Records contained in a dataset
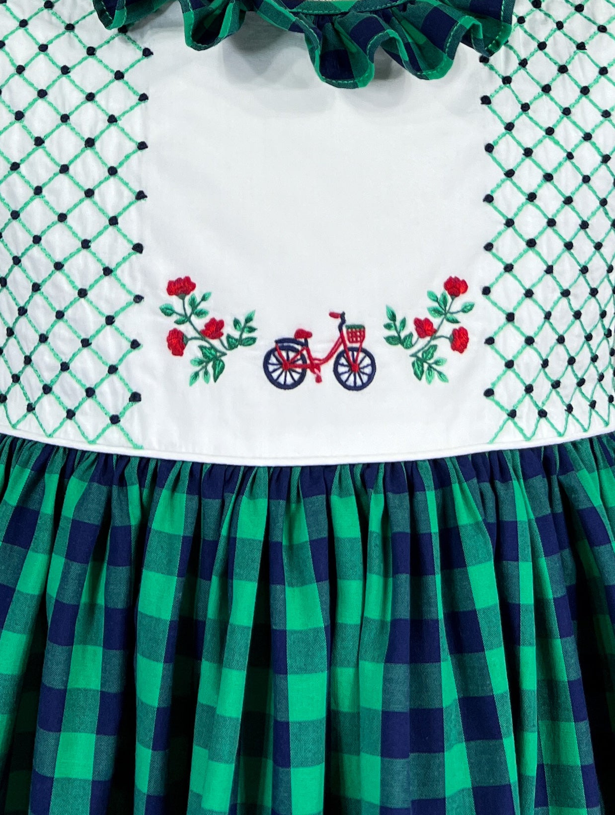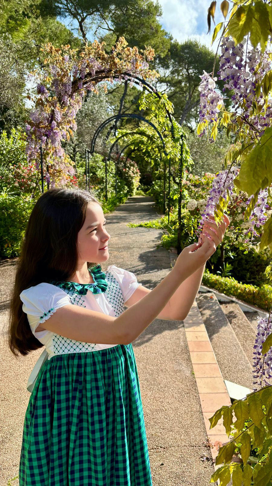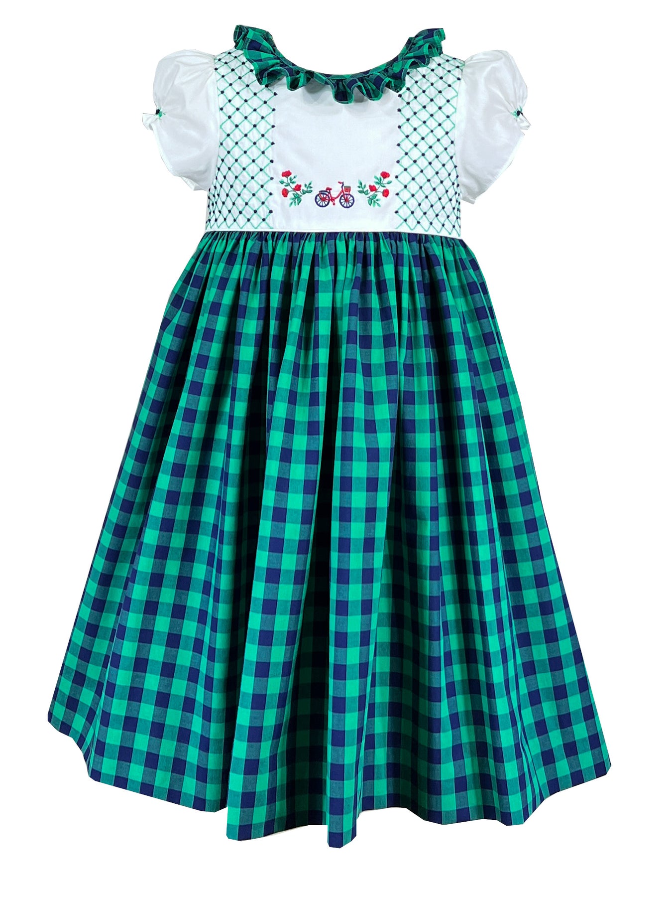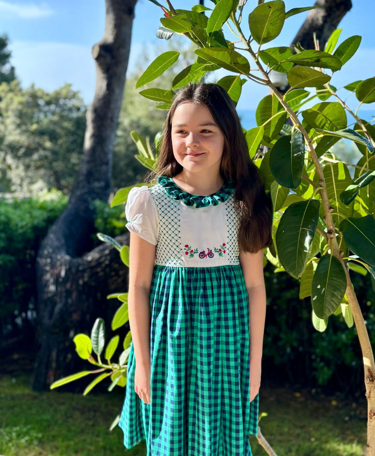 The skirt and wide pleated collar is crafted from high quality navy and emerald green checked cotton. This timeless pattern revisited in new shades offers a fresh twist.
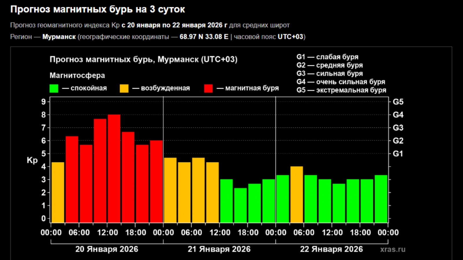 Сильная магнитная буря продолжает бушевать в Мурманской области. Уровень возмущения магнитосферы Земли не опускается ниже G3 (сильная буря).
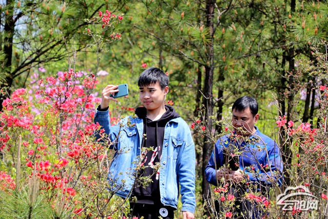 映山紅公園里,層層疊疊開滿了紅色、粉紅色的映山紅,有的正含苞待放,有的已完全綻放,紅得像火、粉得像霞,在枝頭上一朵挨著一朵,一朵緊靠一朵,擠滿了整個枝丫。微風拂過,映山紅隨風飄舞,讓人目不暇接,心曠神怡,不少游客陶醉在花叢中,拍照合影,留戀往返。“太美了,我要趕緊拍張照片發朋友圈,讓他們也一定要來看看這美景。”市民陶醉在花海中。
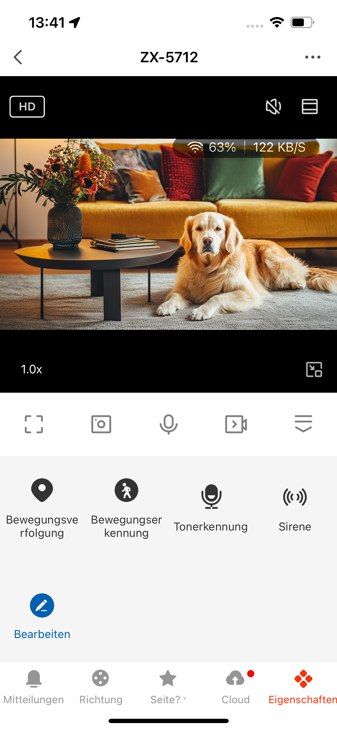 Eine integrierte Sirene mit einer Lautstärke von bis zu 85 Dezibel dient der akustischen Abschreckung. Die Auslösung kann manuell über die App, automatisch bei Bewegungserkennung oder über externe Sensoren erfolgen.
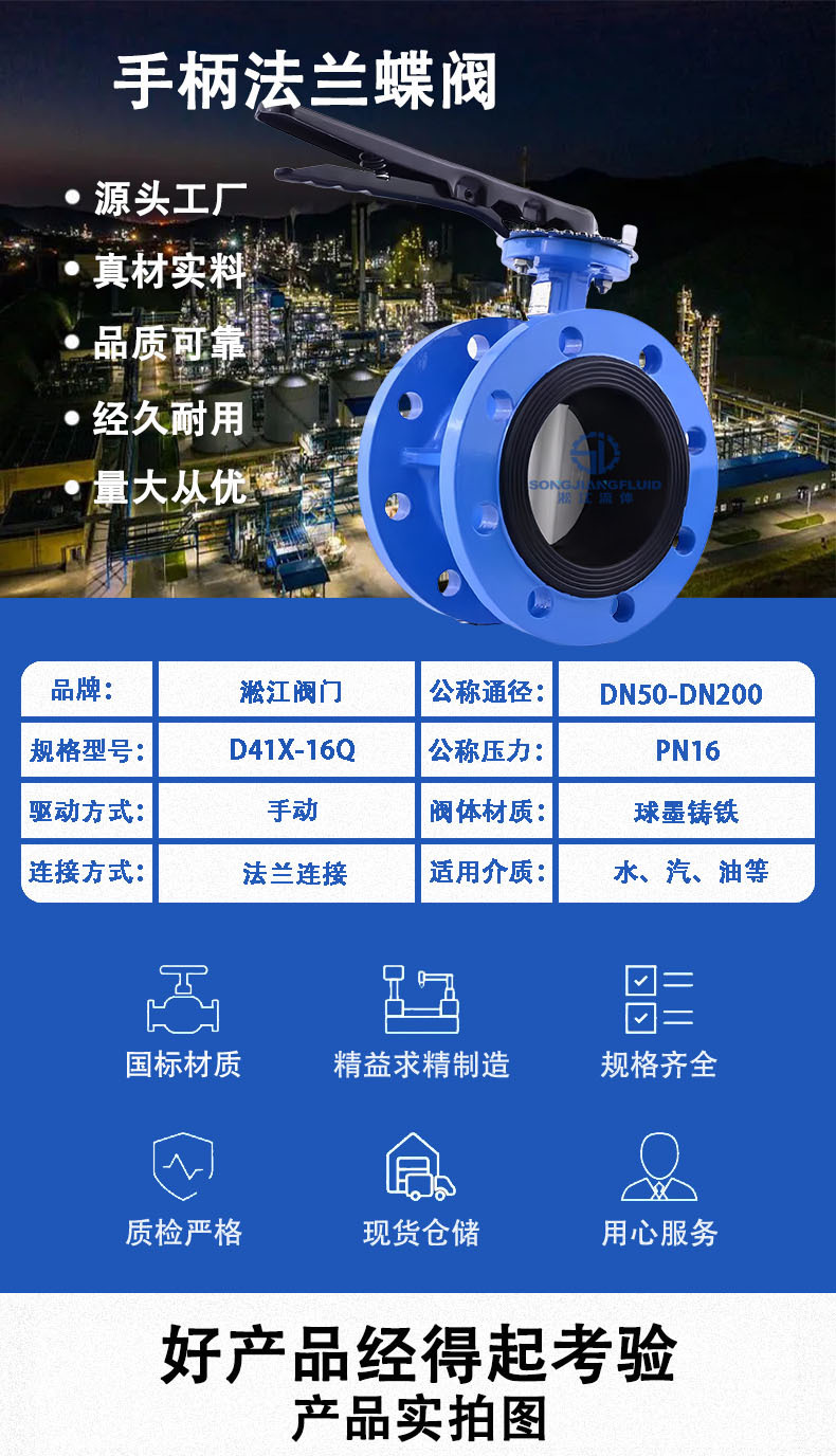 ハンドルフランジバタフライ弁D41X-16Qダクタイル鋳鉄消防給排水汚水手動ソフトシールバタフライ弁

_WHAT TO WORK ON_
The records must come back exactly, with their pictures removed.

_RESPONSE AREA_
 The skirt and wide pleated collar is crafted from high quality navy and emerald green checked cotton. This timeless pattern revisited in new shades offers a fresh twist.
 Сильная магнитная буря продолжает бушевать в Мурманской области. Уровень возмущения магнитосферы Земли не опускается ниже G3 (сильная буря).
 映山紅公園里,層層疊疊開滿了紅色、粉紅色的映山紅,有的正含苞待放,有的已完全綻放,紅得像火、粉得像霞,在枝頭上一朵挨著一朵,一朵緊靠一朵,擠滿了整個枝丫。微風拂過,映山紅隨風飄舞,讓人目不暇接,心曠神怡,不少游客陶醉在花叢中,拍照合影,留戀往返。“太美了,我要趕緊拍張照片發朋友圈,讓他們也一定要來看看這美景。”市民陶醉在花海中。
 Eine integrierte Sirene mit einer Lautstärke von bis zu 85 Dezibel dient der akustischen Abschreckung. Die Auslösung kann manuell über die App, automatisch bei Bewegungserkennung oder über externe Sensoren erfolgen.
 ハンドルフランジバタフライ弁D41X-16Qダクタイル鋳鉄消防給排水汚水手動ソフトシールバタフライ弁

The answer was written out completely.